Мне сразу понравилась и вся его своеобразная, я бы даже сказал курьезная внешность. Это был маленький, щупленький, очень согбенный старичок, неизменно одетый в черный долгополый сюртук. В своей старчески исхудалой, точно дряблой руке он всегда вертел табакерку, которой нередко пользовался, а из заднего кармана сюртука у него торчал большой красный с желтым платок, — что вообще полагалось всегда иметь нюхальщикам табака. Уже это одно отодвигало Карла Ивановича во времени куда-то далеко и придавало его облику какую-то поэтическую старинность. Но совершенно своеобразным было и все лицо, вся голова Карла Ивановича: черные, как смоль, волосы (злые мальчики уверяли, что они крашены), кокетливо подстриженные прямой челкой, выдающийся до карикатурности острый красный носик. Подбородок был украшен опять-таки совсем черной бородкой на манер дяди Сэма, тогда как щеки и все вокруг рта было гладко выбрито. Подслеповатые, несколько воспаленные глаза были вооружены золотыми очками. Двигался Карл Иванович быстро, не совсем ровно семеня своими старческими ножками.

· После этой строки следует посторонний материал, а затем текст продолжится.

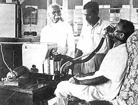 In 1924, Kuvalayananda founded the Kaivalyadhama Health and Yoga Research Center in Lonavla, Maharashtra, to provide a laboratory for his scientific study of Yoga.[9] In the anthropologist Joseph Alter's words, "what he himself had to prove was that this truth [of classical yoga] was based on natural laws and universal principles. In some sense, pure, objective science was to be deployed as the handmaiden of spirituality and orthodox philosophy so as to establish what came to be the theme of his life's work".[8] His research agenda, although covering a variety of yogic practices (which he divided into asana (postures), pranayama (breathing exercises), and other practices, namely kriyas, mudras, and bandhas), resulted in a detailed study of the physiology involved during each such practice.[10] So, for example, Kaivalyadhama measured the consumption of oxygen of yogins seated cross-legged and practising pranayama; Kuvalayananda explained that while "the westerner" saw deep breathing as useful for providing oxygen, "With us the oxygen value of pranayama is subordinate. We prize it more for its usefulness in nerve culture."[11]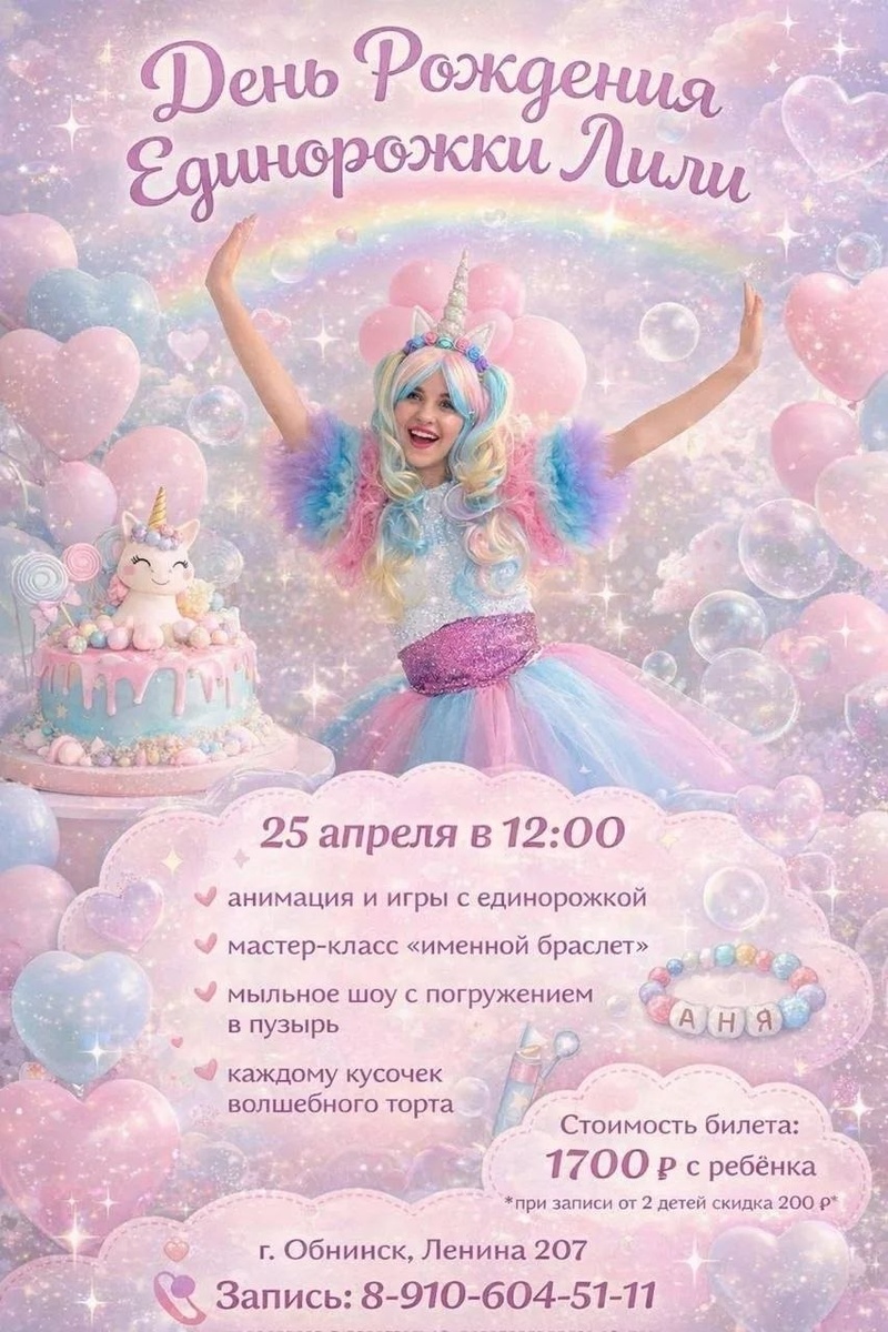 ! 🦄 25 апреля в 12:00 в нашей студии пройдет яркий тематический праздник, где каждый ребенок почувствует себя гостем настоящего дня рождения! Это не просто мероприятие — это полноценная программа с играми, эмоциями и сюрпризами 👇 ✨ В программе: — анимация и активные игры с Единорожкой — необычный мастер-класс: создаем именные браслеты — мини мыльное шоу с погружением в огромный пузырь — каждому ребенку — кусочек праздничного торта с собой 🎂 👦 Важно: программа подойдет и девочкам, и мальчикам Мы сделали праздник активным и разнообразным — будет много подвижных игр, веселья и вау-эффектов, чтобы интересно было всем детям, независимо от пола А еще это отличная возможность познакомиться с форматом наших праздников перед бронированием дня рождения🥳 👶 Рекомендуемый возраст: 4–10 лет ⏰ Длительность: 1,5–2 часа 💰 Стоимость: 1700 ₽ 👨👩👧👦 При записи от 2 детей — скидка 200 ₽ 📍 г. Обнинск, Ленина 207 📲 Запись: 8-910-604-51-11 количество мест ограничено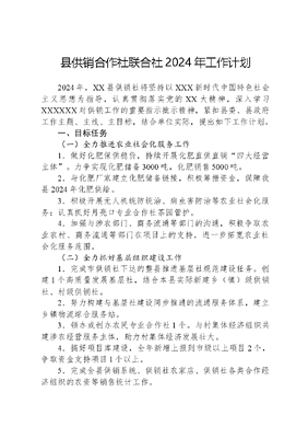 县供销合作社联合社2024年工作计划2024年,XX县供销社将坚持以XXX新时代中国特色社会主义思想为指导,认真贯彻落实党的XX大精神,深入学习XXXXXX对供销工作的重要指示批示精神,紧扣县委、县政府工作主题、主线、主目标,结合单位实际,提出如下工作计划。一、目标任务(一)全力推进农业社会化服务工作1.做好化肥保供稳价,持续开展化肥直供直销四大经营主体。力争实现化肥储备3000吨,化肥销售5000吨。2.与化肥厂家建立化肥储备链接,积极筹措资金,保障我县2024年化肥供给。3.积极开展无人机统防统治、病虫害防治等农业社会化服务;认真抓好月亮口专业合作社茶园管护。4.加强与涉农部门、商务流通等部门的沟通,积极争取农业农村、商务流通等部门在项目上的支持,进一步拓宽农业社会化服务范围。(二)全力抓好基层组织建设工作1.完成市供销社下达的整县推进基层社规范建设任务。创建1个高质量发展基层社,结合本县实际新建乡(镇)级供销社、村级供销社。2.努力构建与基层社建设同步推进的流通服务体系,建立乡镇物流综合服务站。3.领办或创办农民专业合作社1个。与村集体经济组织共建涉农经营服务主体,助力村集体经济发展壮大。4.搞好项目库建设,全年新增上报到市级以上项目2个,争取资金支持项目1个以上。5.完成全县供销系统、供销社农家店、供销社各类合作经济组织的农资等销售统计工作。6.积极通过资产置换、战略联盟等方式,强化社有资产的管理和运营,确保社有资产保值增值。(三)全力抓好农村合作金融发展服务工作1.力争完成利民投资公司、股金服务部调剂端资金清收工作。2.以农村产权交易一平台五中心为载体,强化管理运营,加大与第三方服务合作机构合作,强化政策宣传、信息收集、交易服务、资产评估、融资咨询服务等工作,努力提高交易服务水平。3.加强与贵州阳光交易所合作,继续推进贵州省阳光产权交易所XX会员单位各项业务,扎实开展一系列积极有效地探索,努力创收。(四)全力抓好农村电子商务工作1.加强与贵电商的协作对接,持续完善城乡流通服务网络,促进城乡商品双向流通。2.推进库存商品的销售减量工作。与电商企业建立合作关系,依托第三方电商平台,将供销社的优质农产品供应给电商平台进行销售,促进线上线下融合发展;运营好西望山团圆山息农等品牌,依托加工厂做好招商合作及蜂蜜代加工工作。(五)切实加强财务管理,强化内部管理1.严格执行财经纪律,按规定程序完成各项财务工作。加强各项工作中的资金监管和审计,聚集重点领域和重要环节,对全系统相关项目资金进行有效监管。2.加强财会联网直报工作,确保上报数据及时、准确、全面。3.做好各种款项的清收、催缴工作。4.做好全系统固定资产管理台账统计工作。5.抓好三降二清一扭工作。(六)切实加强自身建设,强化制度执行1.进一步制定完善《XX县供销合作社联合社机关财务管理办法》《XX县供销合作发展基金管理暂行办法》《XX县供销社出资人权责清单》等制度,不断规范社有资产管理,持续推进内部监督管理机制。2.逐步完善内部薪酬制度改革,建立符合市场化需求的人才聘用和内部考核评价机制。3.持续深入开展庸、懒、散、软、浮、推作风整肃,积极营造干事创业、担当作为的浓厚氛围。4.强化《贵阳市供销合作社系统监事会工作规则》执行力度,持续推进监事会监督、审计监督、财务监督机制。(七)坚持党建引领,加强党的政治建设1.认真抓好党的建设和党风廉政建设工作,严守政治纪律和政治规矩,深入实施筑固工程。2.按照县委的统一部署,持续抓好系统内宣传思想和意识形态工作,确保不发生意识形态领域风险事件。3.认真抓好巩固拓展脱贫攻坚成果同乡村振兴有效衔接工作。(八)强化风险防控,认真抓好安全生产1.落实安全生产一岗双责和企业主体责任,加强烟花爆竹仓库和社有资产点的管理和排查整治,确保全年不发生安全生产事故。2.扎实做好信访维稳工作,畅通信访渠道、积极化解矛盾,确保系统和谐稳定。(九)完成市供销社和县委、县政府安排的其他工作。二、保障措施(一)加强组织领导。及时组织召开会议进行研究部署,细化工作措施,明确领导职责及各科室各企业工作任务和完成时限,确保思想统一、行动一致。按照任务分工,认真抓好工作的督促指导,强化贯彻落实。(二)加大资金投入。加强与行业部门沟通对接,积极争取各级的助农政策及项目支持。加强与金融机构的合作,解决在生产经营过程中的资金需求。积极探索土地、产权作价出资入股、合作开发等方式,积极引入社会资本投入。加大与涉农经济组织的合作,形成良性循环的合作机制。(三)强化督促检查。充分发挥监事会监督作用,逐步建立健全过程服务的监管机制,加强对服务质量和效果的监督和评估,确保服务的规范和可持续发展。加强对农产品生产、加工、销售等环节的监管,保障农产品的质量和安全

Этой смеси признаков глубокой старости, чуть ли не ветхости и сравнительной моложавости во внешности соответствовали и черты характера Мая. Нормальным состоянием Карла Ивановича было беспредельное благодушие. Его тонкие, еле заметные губы, вечно что-то не то жевавшие, не то посвистывавшие, охотно расплывались в приветливую улыбку. Но благодушие Карла Ивановича не было признаком слабости. Он мог при случае и гневаться, но только на то были всегда веские причины. В моменты огорчения он еще больше горбился, очки у него съезжали на кончик носа, и он скорбно глядел поверх них своими слезившимися глазками на провинившегося. Это уже действовало. Действовало и то, что провинившийся мальчик не удостаивался того рукопожатия с Карлом Ивановичем, с чего начинался для всех каждый учебный день. Для этой церемонии Карл Иванович становился на верхней площадке лестницы, откуда мы попадали в рекреационный зал и в классы, а старческую свою, точно безжизненную руку он держал перед собой ‘для общего пользования’. Торопливо проходили один за другим ученики мимо этой безучастной фигуры, произнеся приветствие, скорее хватая эту руку, нежели пожимая ее. Но безучастность Карла Ивановича была только кажущейся, он отлично примечал, кто с ним здоровался, и когда появлялся накануне в чем-то провинившийся (о чем успели донести Карлу Ивановичу) и очередь рукопожатия доходила до него, то ручка директора отдергивалась. Иногда при этом старческий рот шамкал по-немецки: ‘мне нужно тебе сказать что-то’ или ‘я должен поговорить с тобой’, и это означало, что директор чрезвычайно недоволен тобой и что с глазу на глаз произойдет головомойка.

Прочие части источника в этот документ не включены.